The Union has lost credibility, even though it is trying to maintain it by all means. When the perverse effects of the financial crises and the financial dependencies hit, we began to rethink the convenience of such a structure. We began to see how certain lobbies and political sectors —the neoliberal hard core— had progressively appropriated the project to grant themselves a de iure power that they had always been exercising de facto. This goes against our fundamental rights. The memoranda that these institutions forced Greece to sign over the last few years go against the Union’s original right, against International Law, against Human Rights (decent work, housing, health…), and against major social achievements (social security, collective agreements, eight-hour workdays, etc.). They are incompatible with the rule according to a higher law and with democracy.

Anna Punsoda: Is it a theft, rather than a collapse of the system?

Pedro Olalla: It has been an intentional act. The idea that things degenerate spontaneously and impersonally is false, but it has been the method devised to dilute concrete responsibilities into a collective responsibility. When certain laws are signed, when certain institutions are created, and when a treaty with Canada or the United States is signed, there are specific people to be held accountable; we cannot simply say, “That is how history goes”. The truth is that the western capitalist system has been triggering the two phenomena that humanity must avoid if it wants to survive: the accumulation of wealth in the hands of a few, and the accumulation of political power in the hands of a small minority. There are specific people, with names and surnames, who can be held accountable for that process.
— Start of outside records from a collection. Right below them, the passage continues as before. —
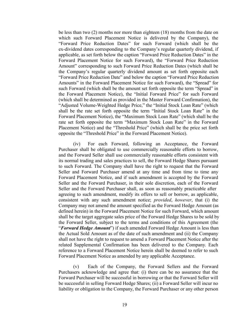 自公司送达该等远期配售通知之日起不到两(2)个月但不超过十八(18)个月),该等远期的“远期降价日期”(如适用,该日期为该等远期的远期配售通知中“远期降价日期”标题下方所述的公司定期季度股息对应的除息日),该等远期降价日期所对应的“远期降价金额”(应为该等远期的各“远期降价日期”对面及远期配售通知中“远期降价金额”标题下方所载公司的常规季度分红金额)、该等远期的“价差”(应为远期配售通知中“价差”一词对面所载金额)、该等远期的“初始远期价格”(应按远期确认总书的规定确定)、“调整后的成交量加权对冲价”,“首次股票贷款利率”(为远期配售通知中“首次股票贷款利率”一词对面规定的利率)、“最高股票贷款利率”(为远期配售通知中“最高股票贷款利率”一词对面规定的利率)和“门槛价格”(为远期配售通知中“门槛价格”对面规定的价格)。(iv)就每笔远期而言,在接受后,远期买方有义务使用商业上合理的努力借款,而远期卖方应使用符合其正常交易和销售惯例的商业上合理的努力根据该远期出售远期对冲股份。公司有权要求远期卖方和远期买方随时不时修订任何远期配售通知,而如该等修订获远期卖方和远期买方接受,则各远期卖方和远期买方应在同意该等修订后在合理可行范围内尽快根据任何该等修订通知修改其出售或借款的要约(如适用);但前提是,(i)公司不得就该等远期修订远期配售通知中指明为远期对冲金额(定义见本协议)的金额,该金额应为远期卖方将出售的远期对冲股份的目标总销售价格,根据本协议的条款和条件(“远期对冲金额”),如果该等经修订的远期对冲金额低于截至该修订日期的实际出售金额,以及(ii)在相关补充确认送达公司后,公司无权要求修订远期配售通知。此处对远期配售通知的每一处提及均应被视为是指经任何适用的接受修订的该远期配售通知。(v)公司、远期卖方和远期买方各自承认并同意:(i)无法保证远期买方将成功借款或远期卖方将成功出售远期对冲股份;(ii)远期卖方将不会对公司、远期买方或任何其他人承担任何责任或义务19
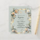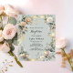 セージの緑の背景。白飾と黄色の花模様と金色のリボン黄金の十字架。名前と詳細のパーソナライズおよび追加1シート= 1インビション印刷エッジからエッジまで。
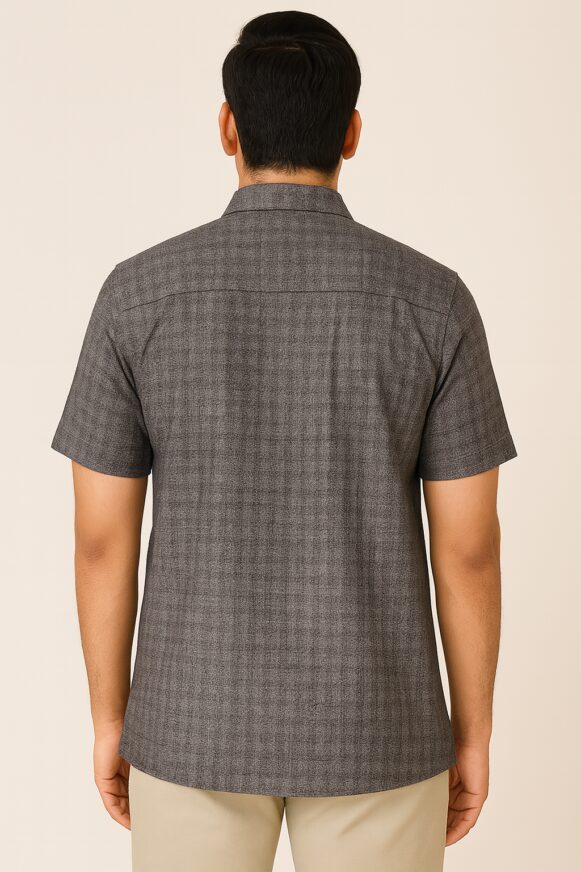 Upgrade your semi-formal wardrobe with this charcoal grey short-sleeve shirt, tailored from a premium fabric featuring a fine checkered weave. The shirt is styled with a classic spread collar, full front button placket, and a neatly stitched chest pocket. With its structured finish and subtle pattern, this piece blends smart appeal with casual comfort—ideal for both office and evening wear.

Anna Punsoda: Another issue you talk about is how the system promotes a negative view of the old age.

Pedro Olalla: That’s correct. The terms in which the system of world domination expresses itself are still those of productivity. And the old age is seen as a marginal, subsidiary collective, a parasite of the State that is increasingly becoming a problem because it exists and grows. If we take this stance, we assume a position of weakness towards the system, because we will end up feeling guilty for living too long or for retiring. Politics should be something that stems from society to achieve happiness, and not an external system imposed to society and demanding that everyone adapt to serve it. If society changes —it grows older—, politics and the way we tackle problems will have to change as well. Guilt makes it impossible for us to evolve towards a political system that allows the elderly to live decently and as a part of society.

Anna Punsoda: It is often said that we grow more conservatives with time and that, as a consequence, certain parties have given up the possibility of politically addressing the old age.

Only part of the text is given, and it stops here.